Publié par dominique le 25 avril 2006 à 17:31

A noter que lorsqu'on se fait Justice, la justice est forcément faite.

Publié par Ares le 25 avril 2006 à 18:24

A Dominique : libre à vous d'imaginer ce qu'il vous chante à propos du "gradé Monnerat", mais ce dernier fondait une bonne part de sa réflexion sur l'article 58 de la Constitution. Ne voir dans le terrorisme qu'un crime, alors que ses tenants se considèrent eux-mêmes comme des combattants, n'est qu'un exemple d'aveuglement commun. Vos commentaires, malheureusement, n'apportent pas grand chose à la réflexion. A mon avis du moins...

Publié par Ludovic Monnerat le 25 avril 2006 à 19:52

Les attaques "subtiles" ad personam en disent long sur leur auteur...

Publié par Sisyphe le 25 avril 2006 à 20:15

... et faire un petit point sur la situation en Iran?

:(

Publié par Mikhaël le 25 avril 2006 à 20:15

Je n'oublie pas l'Iran, Mikhaël, mais le temps me manque pour faire un travail sérieux à ce sujet !

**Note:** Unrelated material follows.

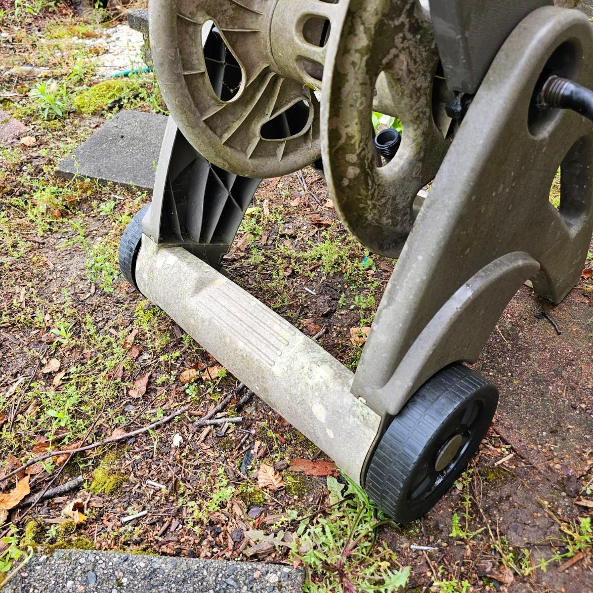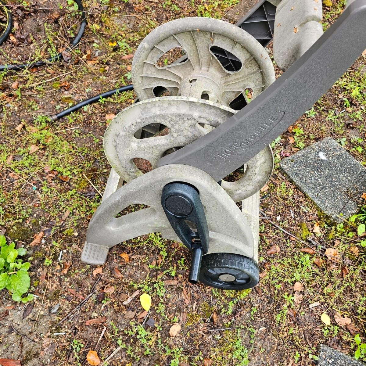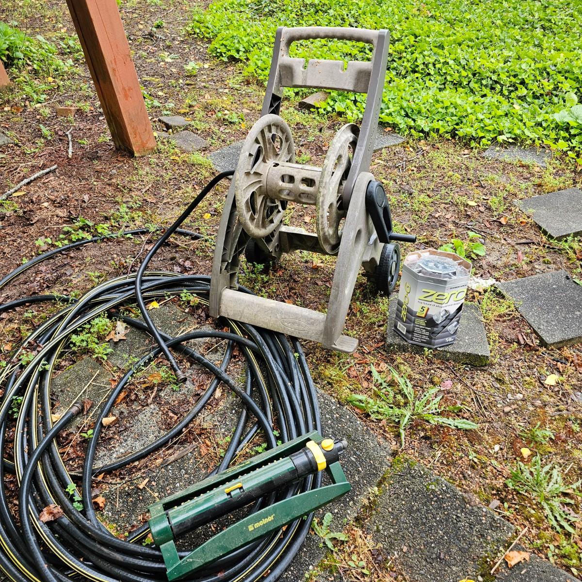 One plastic wind up hose cart by Suncast. Piece has plastic wheels and handle, attachment hose on side. Also includes one Melnor wave type sprinkler, one Zero-G 50 ft collapsible hose and another standard 50 ft length of garden hose. See photos for details. Local pickup only.

Publié par Ludovic Monnerat le 25 avril 2006 à 20:22

La oumma a déclaré la guerre aux incroyants il y a bien longtemps déjà , et elle n'y a jamais renoncé que temporairement, contrainte par une résistance trop puissante. Si l'on se penche avec assez d'assiduité et de clarté d'esprit sur les écritures islamiques, on peut se convaincre aisément que cette guerre est toujours d'actualité - c'est d'ailleurs aussi la lecture faite par une part croissante (majoritaire, même, déjà , à mon avis) des Musulmans dans le monde.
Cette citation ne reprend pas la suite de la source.